From interest to reality: Design a successful orientation for volunteers
Once you’ve taken the steps to get a volunteer started in their service, it’s important to create a volunteer orientation that is holistic and informative.
Once a volunteer has passed your organization’s screening requirements, provide him or her with an orientation. Orientation helps volunteers feel comfortable in their role and is a critical component of any volunteer program. Orientation sets the stage for service to begin and helps a volunteer feel like part of the team.
Though volunteers will continue to get more acquainted with the organization over time, orientation helps to establish that relationship by explaining how things work there. During orientation, volunteers become aware of what various rules and procedures they will be expected to follow, how they should perform and behave in their role and what everyone’s responsibilities are.
Orientation can be done in a variety of ways. Most organizations use an on-site organization where they bring volunteers into the service site and introduce staff, share practical details like where to put their belongings, restrooms, sign in sheets, etc., introduction to the supervisor and an overview of the position, an overview of the staff roles and a tour of the facility.
An on-site orientation can work well when you’re bringing a group of volunteers together and they will all be serving in similar kinds of roles. This can help them to establish a support system of other volunteers, which can aid in the retention process. For more specific or intense roles, you might consider a one-on-one orientation with the volunteer and his or her supervisor. This helps to establish a strong relationship where the volunteer feels as though they have a support network and a place to go when things become challenging.

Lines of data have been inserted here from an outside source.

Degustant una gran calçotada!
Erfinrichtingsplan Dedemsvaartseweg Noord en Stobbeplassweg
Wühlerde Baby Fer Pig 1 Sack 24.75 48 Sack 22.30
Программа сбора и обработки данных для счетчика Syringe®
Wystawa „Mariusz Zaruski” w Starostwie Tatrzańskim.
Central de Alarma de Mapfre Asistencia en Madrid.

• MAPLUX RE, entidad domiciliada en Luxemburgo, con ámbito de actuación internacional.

Some organizations might also include an independent study or virtual orientation where volunteers are asked to review materials and complete activities on their own. Independent activities are often easier to schedule; however, they limit the networking opportunities of an on-site orientation. Virtual orientations can be wonderful and provide asynchronous opportunities for volunteers to connect but they also require a good deal of foresight to ensure that activities are interactive and technology is easy to navigate.

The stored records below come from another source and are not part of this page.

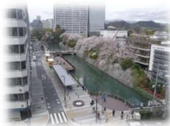
お堀の水辺デッキ整備 （駿府ホリノテラス）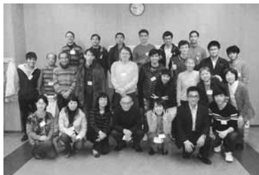
▲最後にみんなで記念撮影

日頃の机上の勉強だけではなく、楽しみながら生きた日本語の勉強ができたひとときでした。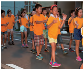
練習の成果を見てください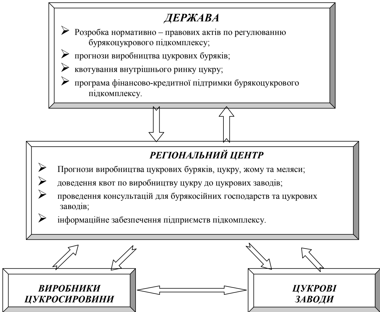
Рис.2. Схема пропонованого регулювання бурякоцукрового підкомплексу області.

Функції регіонального центру полягають у наступному: внесення пропозицій щодо поліпшення економічних взаємовідносин суб'єктів підкомплексу; прогнозування виробництва цукрових буряків, цукру, жому та меляси; доведення квот по виробництву цукру до цукрових заводів; проведення необхідного консультування підприємств підкомплексу з метою прийняття зважених рішень; своєчасність надання інформації підприємствам підкомплексу.

Regardless of which method you choose for orientation, there are some common elements that should be included. Volunteers should be aware of the organization’s mission and purpose. They should understand the basic structure of the organization and who to go to for support at various levels.

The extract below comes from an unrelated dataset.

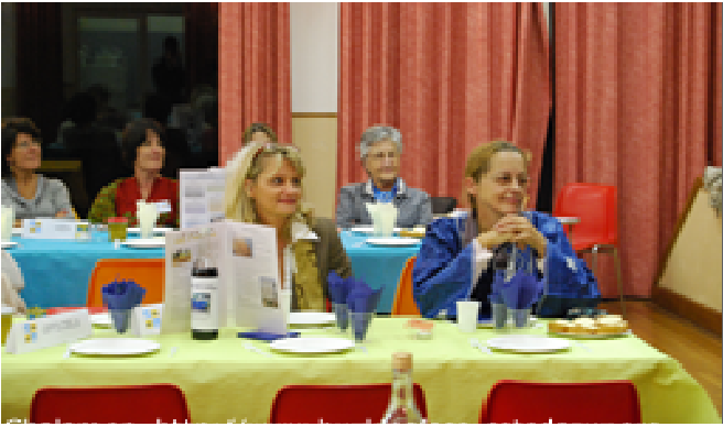
Madame l'épouse du Consul représentant le Consulat.

Parmi les convives, on pouvait noter la présence de l'épouse du Consul du Burkina Faso, la présidente de l'association Les Roses du loba et le président de l'association Kampourdoba .

An orientation should clarify the expectations of that volunteer’s position and what their responsibilities are within the organization and the community. Volunteers should review their position description again through orientation and discuss any questions, concerns, or potential alterations needed to be made with their supervisor. Additionally, volunteers should receive information about various personnel procedures like where to park, what to wear, attendance, etc. and receive a telephone and email directory of relevant staff.
Finally, orientation might also include an assessment of what training a volunteer should complete before beginning service or as ongoing training.